Problem description: Beneath this line are the data; copy exactly the part of them that opens with the line containing "ラブホテルを経営する珪は、ホ" and closes with the line containing "Următorii lor adversari", and only that part.

Information supplied:
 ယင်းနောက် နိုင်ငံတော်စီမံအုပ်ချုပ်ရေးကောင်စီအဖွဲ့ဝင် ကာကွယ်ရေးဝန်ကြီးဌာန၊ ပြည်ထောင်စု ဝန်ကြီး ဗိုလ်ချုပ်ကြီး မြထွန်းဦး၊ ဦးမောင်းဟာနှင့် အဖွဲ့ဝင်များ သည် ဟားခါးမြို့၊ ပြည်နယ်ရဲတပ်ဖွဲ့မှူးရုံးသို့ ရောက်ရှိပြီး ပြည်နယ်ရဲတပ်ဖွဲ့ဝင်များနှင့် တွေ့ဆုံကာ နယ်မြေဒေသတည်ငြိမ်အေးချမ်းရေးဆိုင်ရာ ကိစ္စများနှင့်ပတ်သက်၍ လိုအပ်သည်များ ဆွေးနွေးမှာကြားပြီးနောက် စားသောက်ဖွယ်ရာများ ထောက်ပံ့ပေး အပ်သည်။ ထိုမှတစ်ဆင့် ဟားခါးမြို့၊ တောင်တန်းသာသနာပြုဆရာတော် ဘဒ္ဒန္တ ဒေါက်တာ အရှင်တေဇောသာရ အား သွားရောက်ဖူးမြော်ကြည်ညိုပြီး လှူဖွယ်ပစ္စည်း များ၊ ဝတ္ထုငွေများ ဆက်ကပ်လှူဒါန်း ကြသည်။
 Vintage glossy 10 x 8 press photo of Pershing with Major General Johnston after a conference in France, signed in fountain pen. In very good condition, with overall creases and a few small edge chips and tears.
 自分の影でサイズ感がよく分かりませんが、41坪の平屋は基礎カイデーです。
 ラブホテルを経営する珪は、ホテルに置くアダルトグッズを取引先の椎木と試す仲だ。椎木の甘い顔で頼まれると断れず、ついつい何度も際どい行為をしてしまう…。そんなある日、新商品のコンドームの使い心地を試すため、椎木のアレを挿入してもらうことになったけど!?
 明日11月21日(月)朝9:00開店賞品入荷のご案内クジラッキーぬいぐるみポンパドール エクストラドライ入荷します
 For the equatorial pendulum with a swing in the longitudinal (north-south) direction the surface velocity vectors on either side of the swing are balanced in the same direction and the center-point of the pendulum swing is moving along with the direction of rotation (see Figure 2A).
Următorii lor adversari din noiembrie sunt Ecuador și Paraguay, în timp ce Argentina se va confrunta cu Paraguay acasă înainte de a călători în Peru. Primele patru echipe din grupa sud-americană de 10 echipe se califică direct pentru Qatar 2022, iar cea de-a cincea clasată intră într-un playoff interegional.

==

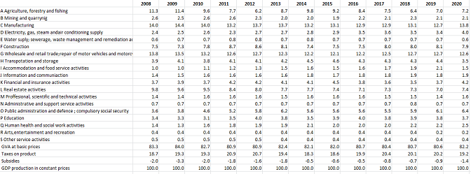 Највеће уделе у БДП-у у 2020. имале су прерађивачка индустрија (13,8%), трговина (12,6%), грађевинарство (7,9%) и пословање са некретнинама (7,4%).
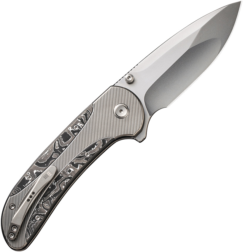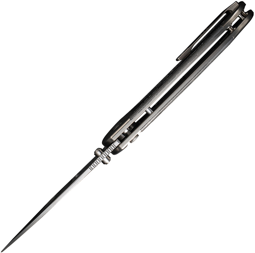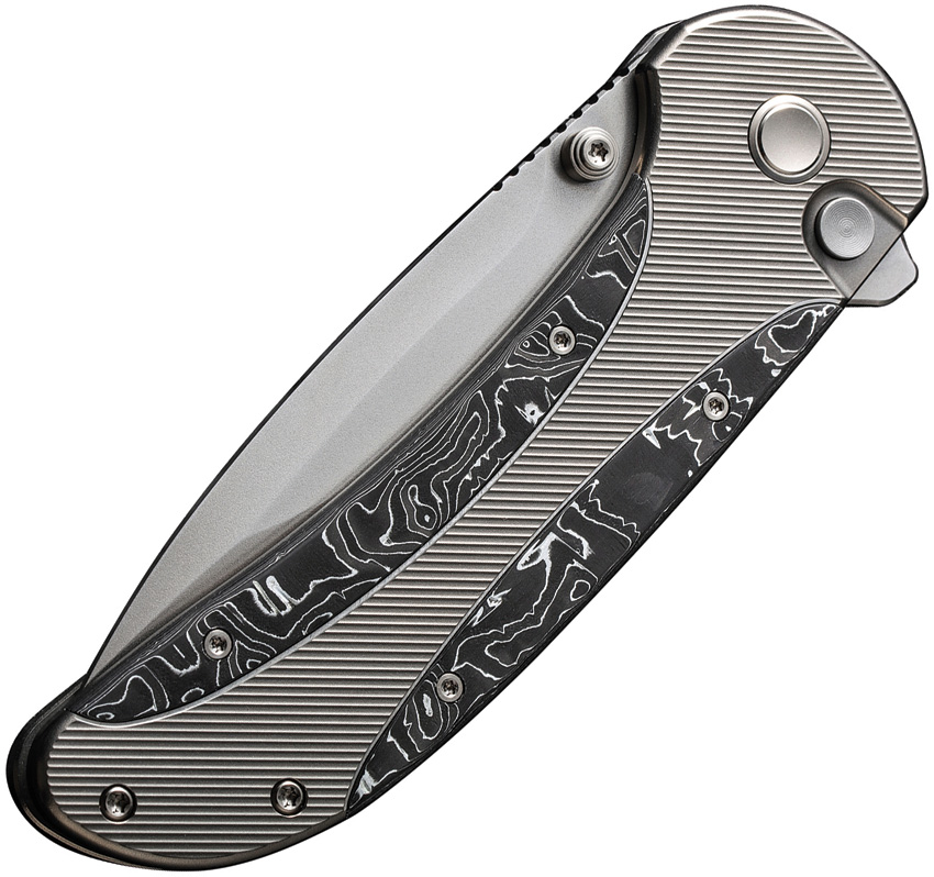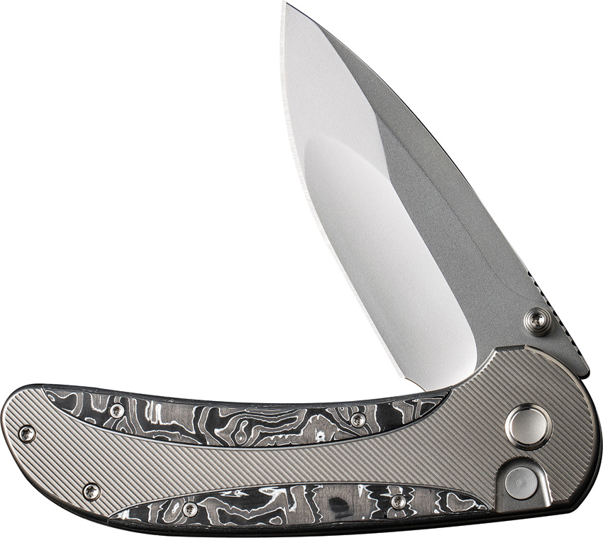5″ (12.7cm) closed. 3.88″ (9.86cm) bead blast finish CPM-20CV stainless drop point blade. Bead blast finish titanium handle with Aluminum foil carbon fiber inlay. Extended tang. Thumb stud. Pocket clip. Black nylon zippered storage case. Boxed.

==

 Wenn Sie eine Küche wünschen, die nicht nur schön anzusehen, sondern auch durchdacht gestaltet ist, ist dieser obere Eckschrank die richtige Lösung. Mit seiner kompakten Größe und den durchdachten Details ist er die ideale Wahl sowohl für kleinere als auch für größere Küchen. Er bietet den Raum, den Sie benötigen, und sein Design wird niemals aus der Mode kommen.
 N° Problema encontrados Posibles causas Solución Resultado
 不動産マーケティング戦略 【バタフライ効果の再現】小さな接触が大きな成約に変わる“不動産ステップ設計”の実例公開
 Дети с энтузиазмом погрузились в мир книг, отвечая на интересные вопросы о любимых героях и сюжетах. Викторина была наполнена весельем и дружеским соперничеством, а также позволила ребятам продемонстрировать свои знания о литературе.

Completed task:
 ラブホテルを経営する珪は、ホテルに置くアダルトグッズを取引先の椎木と試す仲だ。椎木の甘い顔で頼まれると断れず、ついつい何度も際どい行為をしてしまう…。そんなある日、新商品のコンドームの使い心地を試すため、椎木のアレを挿入してもらうことになったけど!?
 明日11月21日(月)朝9:00開店賞品入荷のご案内クジラッキーぬいぐるみポンパドール エクストラドライ入荷します
 For the equatorial pendulum with a swing in the longitudinal (north-south) direction the surface velocity vectors on either side of the swing are balanced in the same direction and the center-point of the pendulum swing is moving along with the direction of rotation (see Figure 2A).
Următorii lor adversari din noiembrie sunt Ecuador și Paraguay, în timp ce Argentina se va confrunta cu Paraguay acasă înainte de a călători în Peru. Primele patru echipe din grupa sud-americană de 10 echipe se califică direct pentru Qatar 2022, iar cea de-a cincea clasată intră într-un playoff interegional.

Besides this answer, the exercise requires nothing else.